▶ **Data shown**:
————————

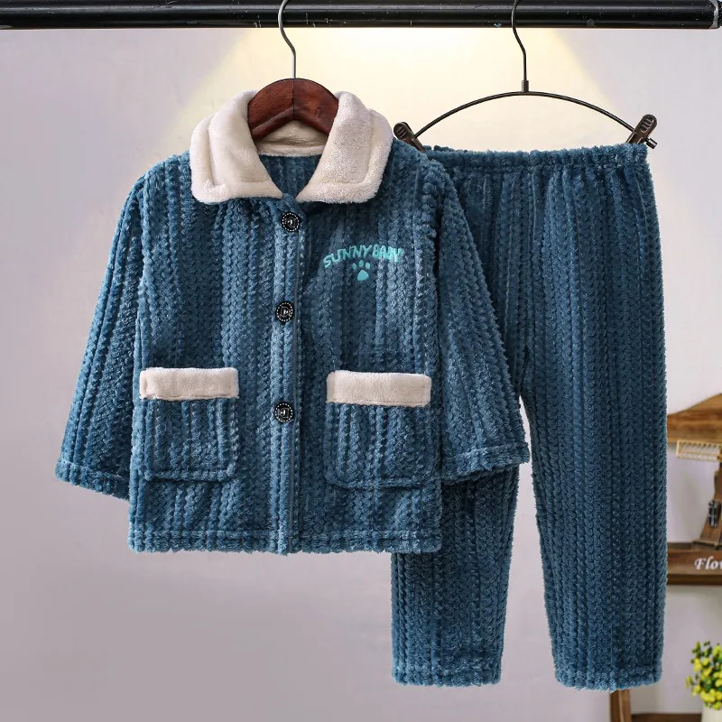 Pyjama polaire garçon épais en flanelle bleu à motif
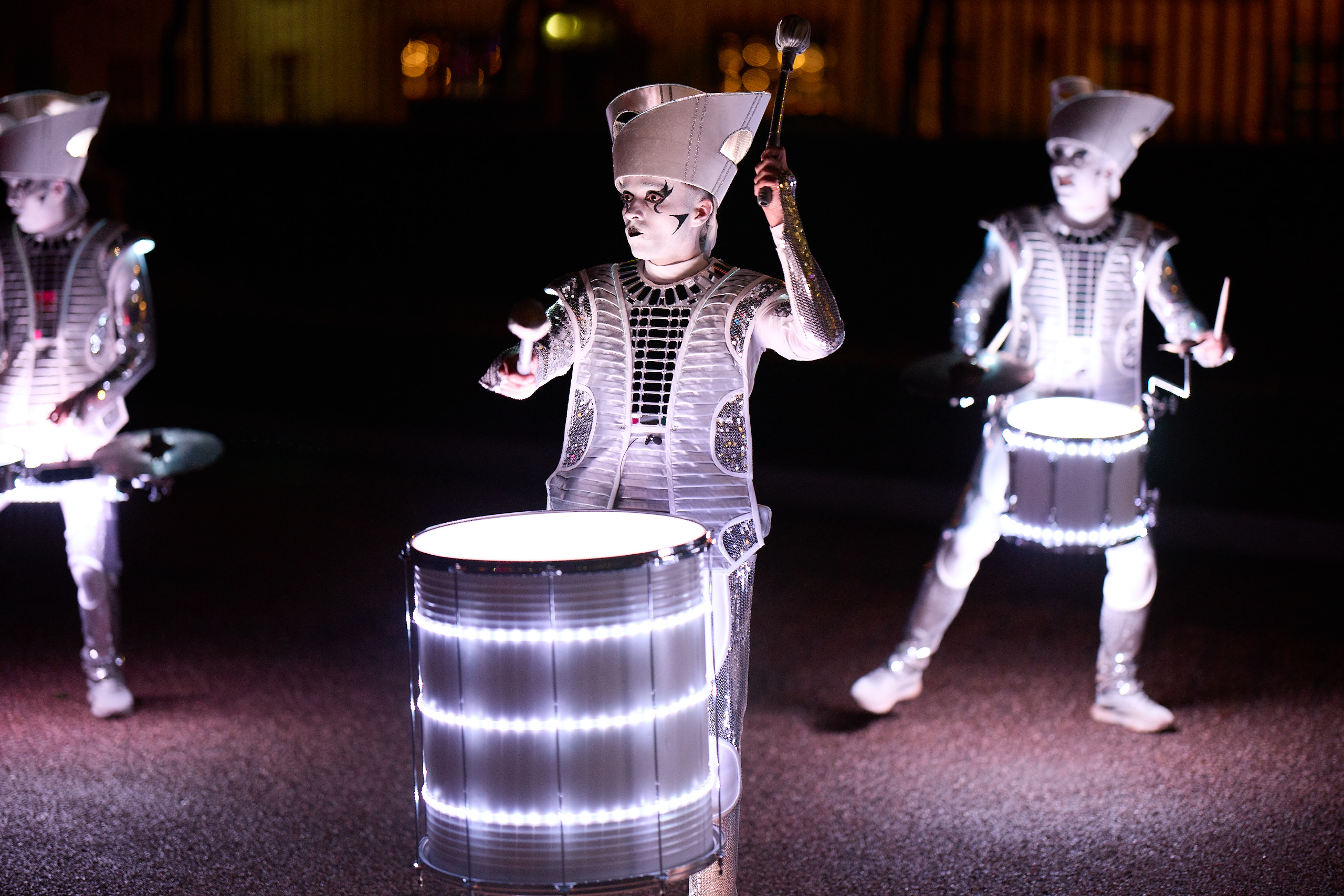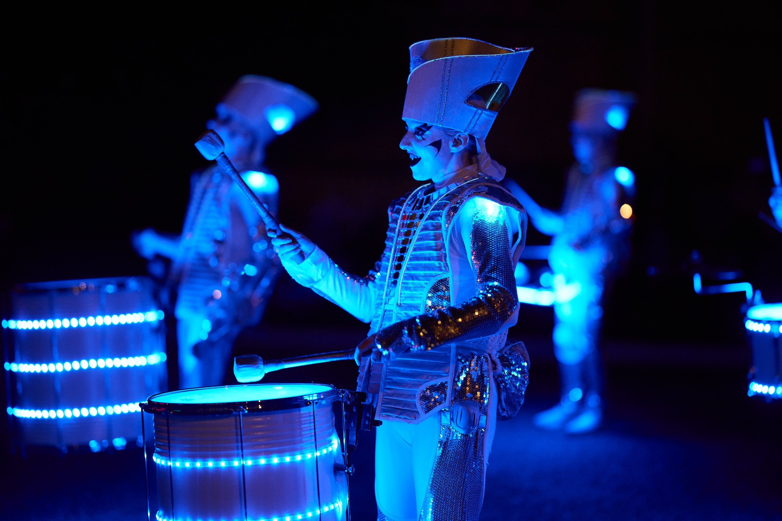 Drummers Unite opened with a performance by Spark! that combined high-impact drumming, dynamic choreography and beautiful lighting design, opening the show and surprising the 400 people gathered in the courtyard by arriving from 5 different points around the building – they entertained and engaged with guests before taking to the stage together for a series of choreographed routines and performances. Joji Hirota and The London Taiko Drummers then dazzled guests by performing a very lively 45 minute set before Spark! returned to close the show.
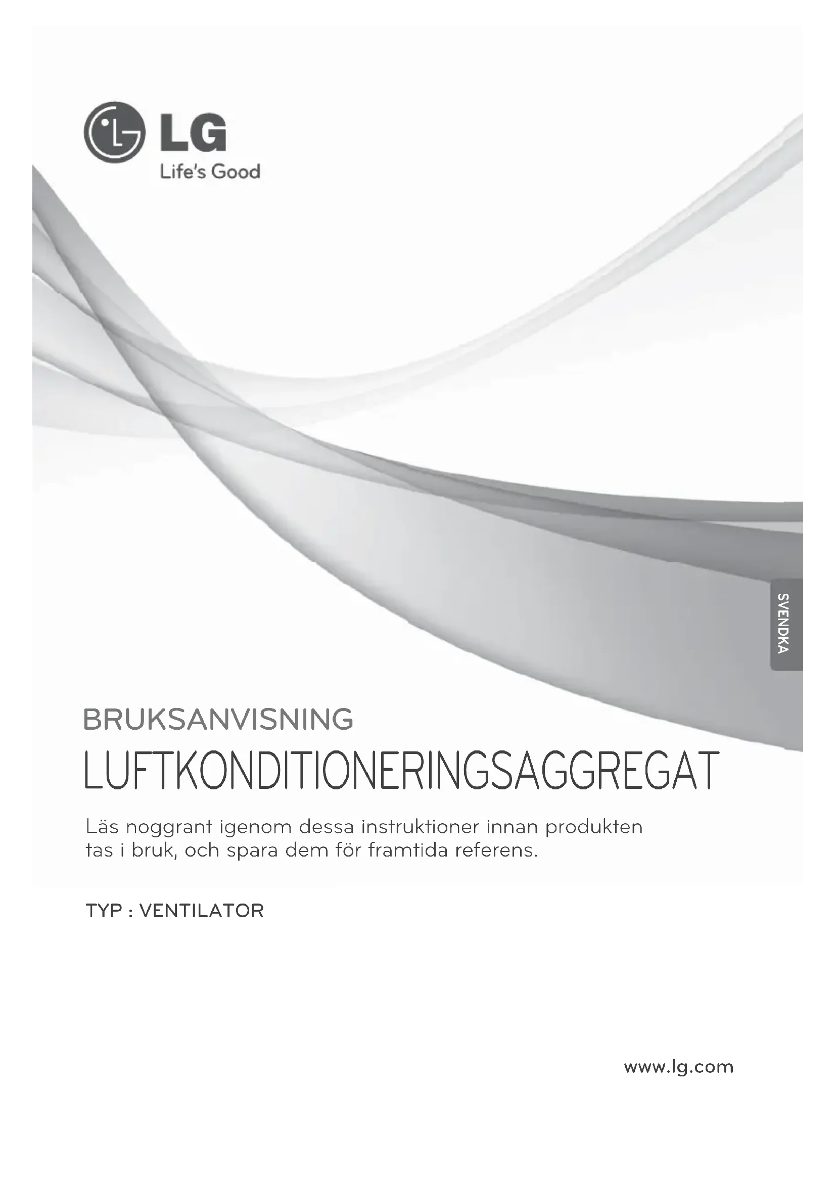 Fixera locket på höger gångjärn samt på väns- ter sida. (En namnplatta sitter fäst i läsriktning- en). VARNING: Slå av nätspänningen vid underhåll eller rengöring av enheten. IAKTTA FÖRSIKTIGHET: Bär hands- kar i samband med allt underhållsar- bete. SVENDKA22 Fläkt Kontrollera objekt före felanmälan Kontrollera objekt före felanmälan Produkten fungerar ej Produkten fungerar ej när knappen "ON" trycks you press the 'ON' switch Även om du ändrar fläkthastig- heten ändras inte driftläget och den ändras till "Auto eller låg" Finns strömtillförsel? Har luftfilter eller komplett vär- meväxlare täppts igen? Understiger inomhustempera- turen -10°C eller överstiger den 45°C? Understiger inomhustempera- turen -10°C eller överstiger den 45°C? Strömförsörjning Följ rengörings- och utbytes- metod. Det är ett viloläge för att skyd- da den kompletta värmeväxla- ren. Det är ett driftläge för att skyd- da den totala värmeväxlaren. Symptom Kontrollera Motåtgärdwww.lg.com BRUKSANVISNING KLIMAANLEGG Vennligst les denne bruksanvisningen før betjening av ditt apparat og ta vare på den for fremtidig referanse. MODELL : VENTILATOR NORSK2 Ventilator Bruksanvisning INNHOLDSFORTEGNELSE

————————

▶ **Problem requirements**: The required output is an exact copy of the lines from the start of the material above through the line containing "Drummers Unite opened", inclusive, with no pictures in it.

▶ **Response area**:
 Pyjama polaire garçon épais en flanelle bleu à motif
 Drummers Unite opened with a performance by Spark! that combined high-impact drumming, dynamic choreography and beautiful lighting design, opening the show and surprising the 400 people gathered in the courtyard by arriving from 5 different points around the building – they entertained and engaged with guests before taking to the stage together for a series of choreographed routines and performances. Joji Hirota and The London Taiko Drummers then dazzled guests by performing a very lively 45 minute set before Spark! returned to close the show.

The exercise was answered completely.